Last fall I changed the stock cast iron clever intake that's in the wifes 67. Made a Big difference with that off the line feel. Even with the 3.70 gears before it was a bit sluggish with the cast. I just need too retune the Holley to fix the stumble it now has, but that's going to wait for spring. Been running a BT on my 72 for years. I just waited so long on the 67 because I wasn't real sure if the hood would clear the air cleaner. Its close, but its ok.

 
Were you running a different intake before the BT? What is the biggest difference you can feel? Bottom end torque, mid-range pull, or top end RPM's?
I was running a Performer b4 the BT. It helped in all 3 aspects, it's just better in every way. As far as I am concerned, it was like a night and day difference. Feels like a different car. I think you will be really happy.

I also used the Gasgachinch to hold the intake gaskets in place & I used the Right Stuff only for the valleys. Worked great.

 
Did you block the exhaust crossover channel in the manifold?

Last time i used the gasket to block the crossover the gasket eventually broke there after a few months of use. I wonder whats the best way to clock the crossover?

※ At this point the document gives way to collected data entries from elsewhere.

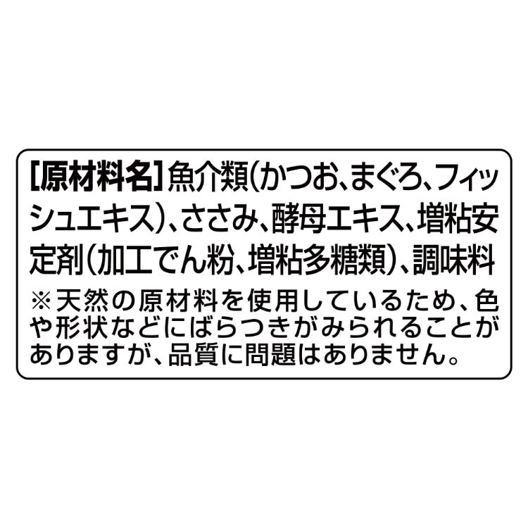 | 魚介類(かつお、まぐろ、フィッシュエキス)、ささみ、酵母エキス、増粘安定剤(加工でん粉、増粘多糖類)、調味料※天然の原材料を使用しているため、色や形状などにばらつきがみられることがありますが、品質に問題はありません。 |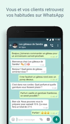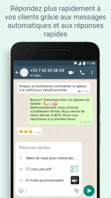 Boostez votre productivité et rationalisez vos échanges comme jamais auparavant. Laissez l'application gérer les communications répétitives grâce aux réponses rapides automatisées et aux messages d'absence, assurant ainsi une présence continue pour votre clientèle. Organisez, filtrez et retrouvez sans effort les discussions cruciales grâce à un système d'étiquettes intelligent. Partagez vos dernières offres ou actualités via des statuts captivants, et offrez une expérience client d'exception en intégrant la gestion des commandes et des règlements** directement au sein de vos conversations.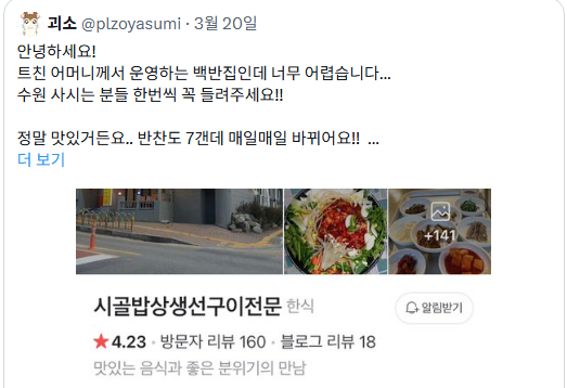 요즘 SNS를 보면 부모님의 가게를 대신 홍보하는 자녀들의 사연이 심심치 않게 보이곤 합니다. 대부분 “장사가 잘 안 된다”, “하루 매출이 없을 지경”이라는 이야기인데요. 이 중 한 글이 수천만 뷰를 넘기며 화제가 됐고, 실제로 많은 사람들이 그 가게를 방문하는 모습으로 이어졌다고 해요. 어떤 분은 아예 지도로 정리했다고 하더라고요?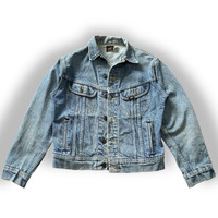 Vintage 1980s Lee Storm Denim Trucker Jacket USA If You Like This Pieces, Grab It Now!!! It May Not Easy To Find It Again. こんにちは、オンラインショップへようこそ Please Buy With Confidence. We Had More Than 360 Sold Items At Grailed With Perfect Feedback! Brand : Lee USA Design : Denim, Buttons, Workwear, Made In : USA Colour : Blue / As Pictures Condition : 8/10 - Used, Classic Pocket, Manual Measurement Size : Laid Flat Armpit to Armpit : 19 inches, Shoulder to Hem : 22 inches, Size On Tag : 16 (recommended M) Store Code : BJ51 Take Note : 1. Items Maybe Shrinked From Original Size 2. Items Maybe Oversized From Original Size 3. Items Usually Had Wear And Tear 【DISCOUNT】 Please Give Us Your Offer, We Can Only Accept The Discount By Negotiation 【PLEASE READ CAREFULLY OUR DESCRIPTION AND SATISFIED OUR ITEM BEFORE MAKE ANY PAYMENT】 *Products maybe vintage or used item and may have sign of wear *NO Return & NO Refund & NO Fussy Buyer *Payment Accepted via STRIPE / PayPal Only *Details At The Photos For Your Reference 【SHIPMENT】 All item/pieces will be shipped within 1-3 business day via FEDEX / DHL Express Post with tracking number (within 7-10 days). +++ Don't worry about customs tax or fee. We usually declare item as a 'gift & declare value of item below than original price +++ 【IMPORTANT】 TELEPHONE NUMBER and EMAIL is required for standard shipping detail #VintageTShirt #ChromeHearts #RafSimonse #RickOwen #HystericGlamour #Amiri #Bode #JunyaWatanabe #CommeDesGarcons #IsseyMiyake

Sent from my SAMSUNG-SM-G930A using Tapatalk

 
The last time I had the heads off my Cleveland I used the gaskets without the heat passage hole, not realising they won't hold up. When I took it apart they were burned thru. This time I have cut pieces of aluminium bar, filed to fit & driven them into the heat passages on the intake side of the heads. I used a very small amount of sealer too. But then I scored a s/h RPM Air Gap to run instead of the Torker I was going to use so I needn't have bothered! Fire up estimated in 2-3 weeks.

 
I did not block the exhaust cross over, I removed that part of the gasket, But I am running the block off plate on top of the intake as my current carb has no choke. Will there be an issue having the exhaust ports functional?